Just fishing for information to compare to a new project proposed in my riding area. What would be the average cost per linear foot of trail in an area like western NC/appalachia (SC/NC/WV)? I know there are several factors that play into the cost estimate, but looking for what would be average, too high and too low. Any other input welcome. I'd like to make sure estimate provided is reasonable.


----------



## aero901 (Apr 11, 2012)

For moderate side slopes (<40%), 2' tread width, and non rocky (easy to dig) soils the cost can range from $2-$4 per foot. Add in rocky soils, steeper side slopes, or wider tread and the cost quickly increases.


----------



## leeboh (Aug 5, 2011)

Cost? Besides pt wood for boardwalks and such? Lunch. Most of our MA trail work is done on a volunteer basis. At least for the public parks and forest stuff. Got bike groups to work with?


----------



## HypNoTic (Jan 30, 2007)

aero901 said:


> For moderate side slopes (<40%), 2' tread width, and non rocky (easy to dig) soils the cost can range from $2-$4 per foot. Add in rocky soils, steeper side slopes, or wider tread and the cost quickly increases.


2-4$/ft ?

I wish I had your kind of terrain since those numbers are simply impossible where I am. Our "easy" terrain is closer to 5$, typical terrain is around 7-8$/ft. And that's excluding boardwalk and special features that are usually charged over.


----------



## aero901 (Apr 11, 2012)

HypNoTic said:


> 2-4$/ft ?
> 
> I wish I had your kind of terrain since those numbers are simply impossible where I am. Our "easy" terrain is closer to 5$, typical terrain is around 7-8$/ft. And that's excluding boardwalk and special features that are usually charged over.
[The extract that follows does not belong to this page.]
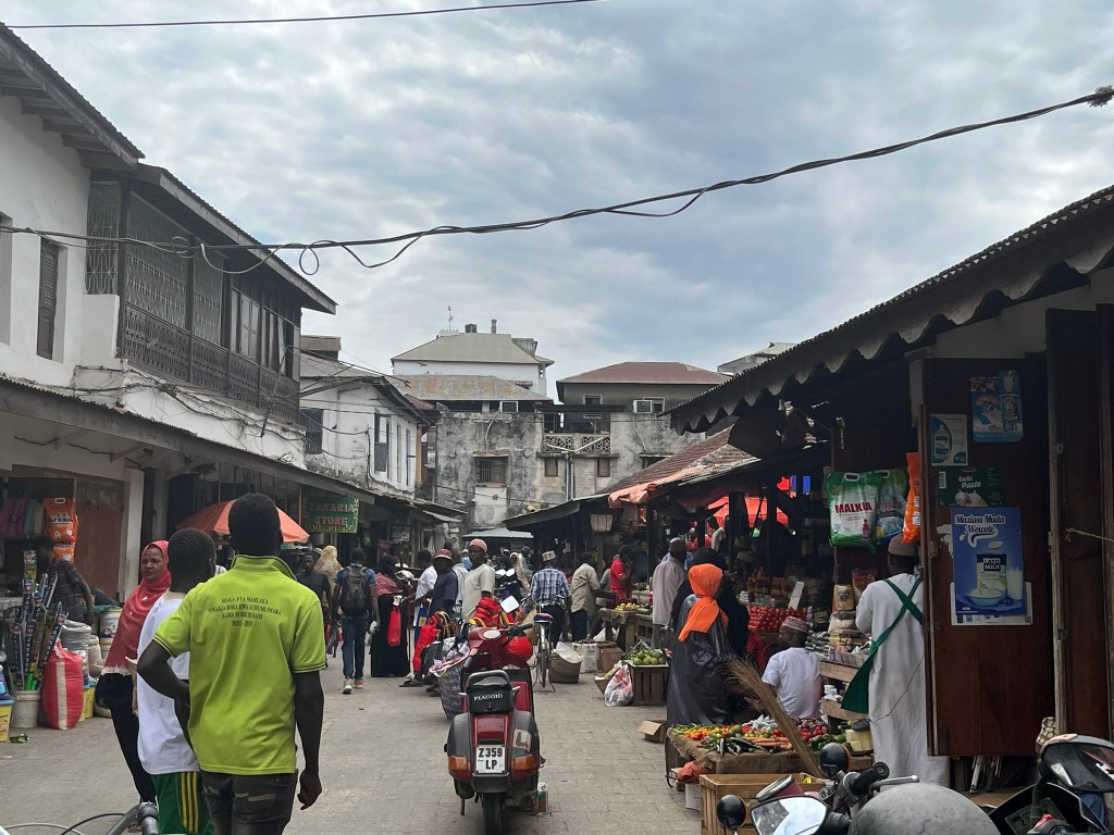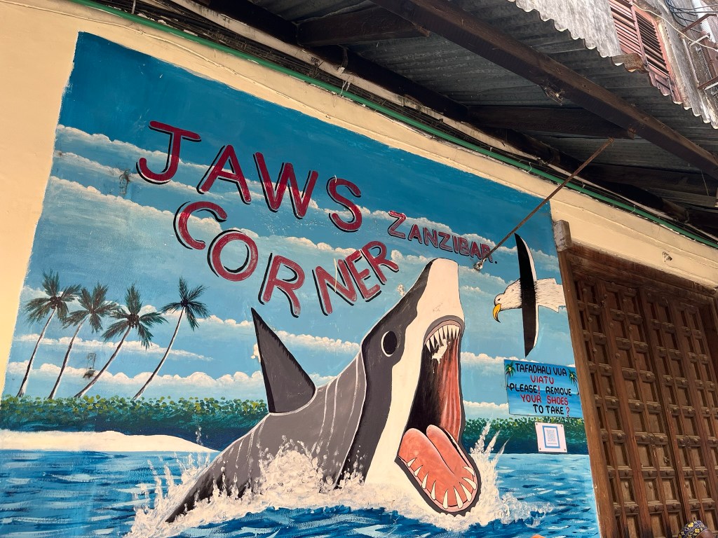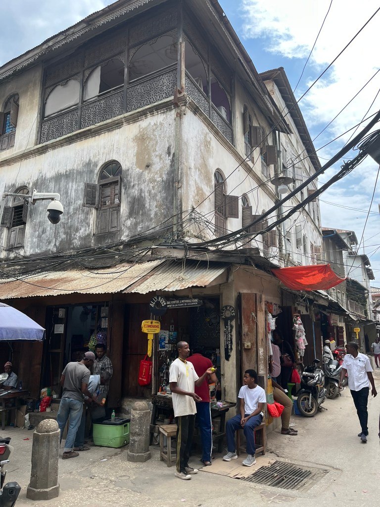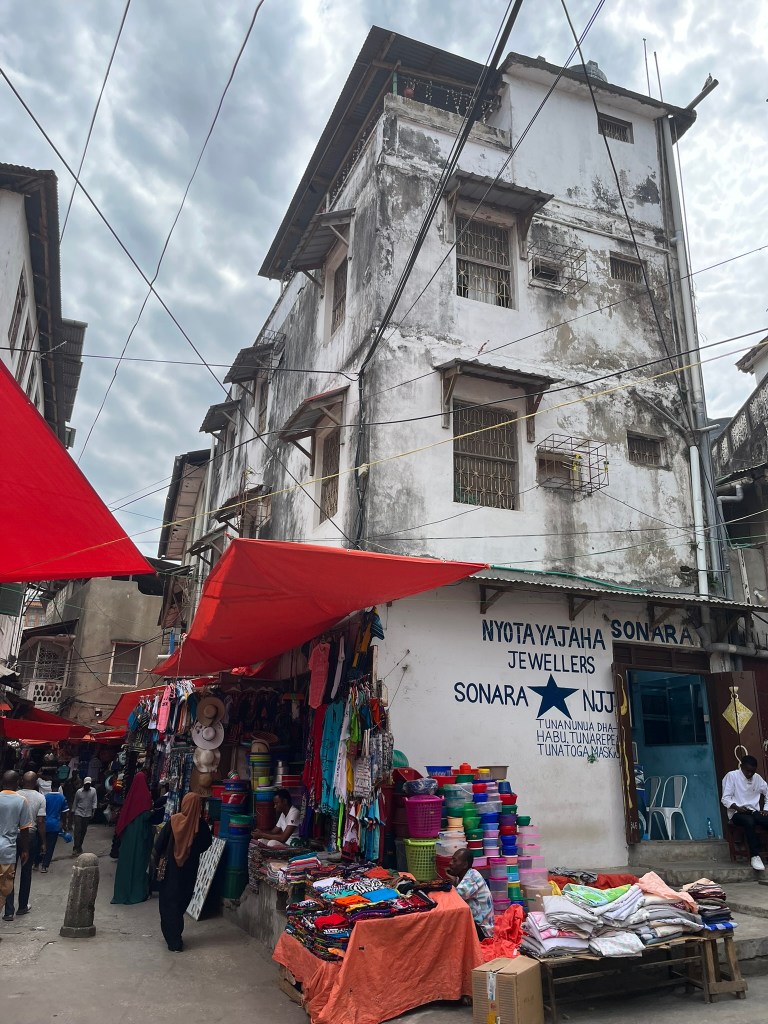 On our way to Darajani Market we stopped at Jaws Corner, in the heart of the Kiponda neighborhood. This is a small meeting point for locals to have a traditional spiced coffee, play dominoes, gossip and debate and catch up on local news via a blackboard, shaded by trees and surrounding by looming coral stone houses. It was one of the first places to have a TV in the town, so locals flocked here to watch movies each evening. And this is where the bizarre name of this spot came from. Apparently the choice of movie one night was Jaws and it terrified the locals! This is a place for locals and not staged for tourists.

We are pretty fortunate to have easy to work soils and mild terrain. Just to be clear, those numbers may be a bit low for what a professional builder would charge around here. I've calculated the costs based on collected volunteer data and our state's volunteer value figures. Structures and other planning costs weren't included in the estimate either.

To the OP, it is going to be difficult to judge if a estimate is reasonable even if we provide ballpark $/ft numbers. The costs of two trails on either side of a valley can be drastically different due to the unpredictability of terrain, geology, hydrology, etc. Are you concerned an estimate is too high? Too low?


----------



## twright205 (Oct 2, 2011)

I've usually heard cost per mile $15,000 to 30,000 ball park. machine built.


----------



## tbmaddux (May 22, 2012)

$5/ft is what Sierra Buttes fundraises every year.


----------



## cerebroside (Jun 25, 2011)

From a rough calculation it looks like our local club paid about $5/ft for the last lot of professionally built trails, including a lot of complex structures. That said, we don't have any rock, a local outfit did the work, and by all accounts the club got a _very_ good deal.


----------



## Miker J (Nov 4, 2003)

Unless you want a designated flow trail I don't get paying for a trail.

The scouting, planning, digging, picking, maintaining... All outside work. To me is almost as fun as the biking itself. I guess too many others don't feel that way.

I would sooner rider one day; trail work one day; than ride only.


It's like eating venison you bought at Wal Mart. No hunt.


----------



## leeboh (Aug 5, 2011)

Timothy G. Parrish said:


> Just fishing for information to compare to a new project proposed in my riding area. What would be the average cost per linear foot of trail in an area like western NC/appalachia (SC/NC/WV)? I know there are several factors that play into the cost estimate, but looking for what would be average, too high and too low. Any other input welcome. I'd like to make sure estimate provided is reasonable.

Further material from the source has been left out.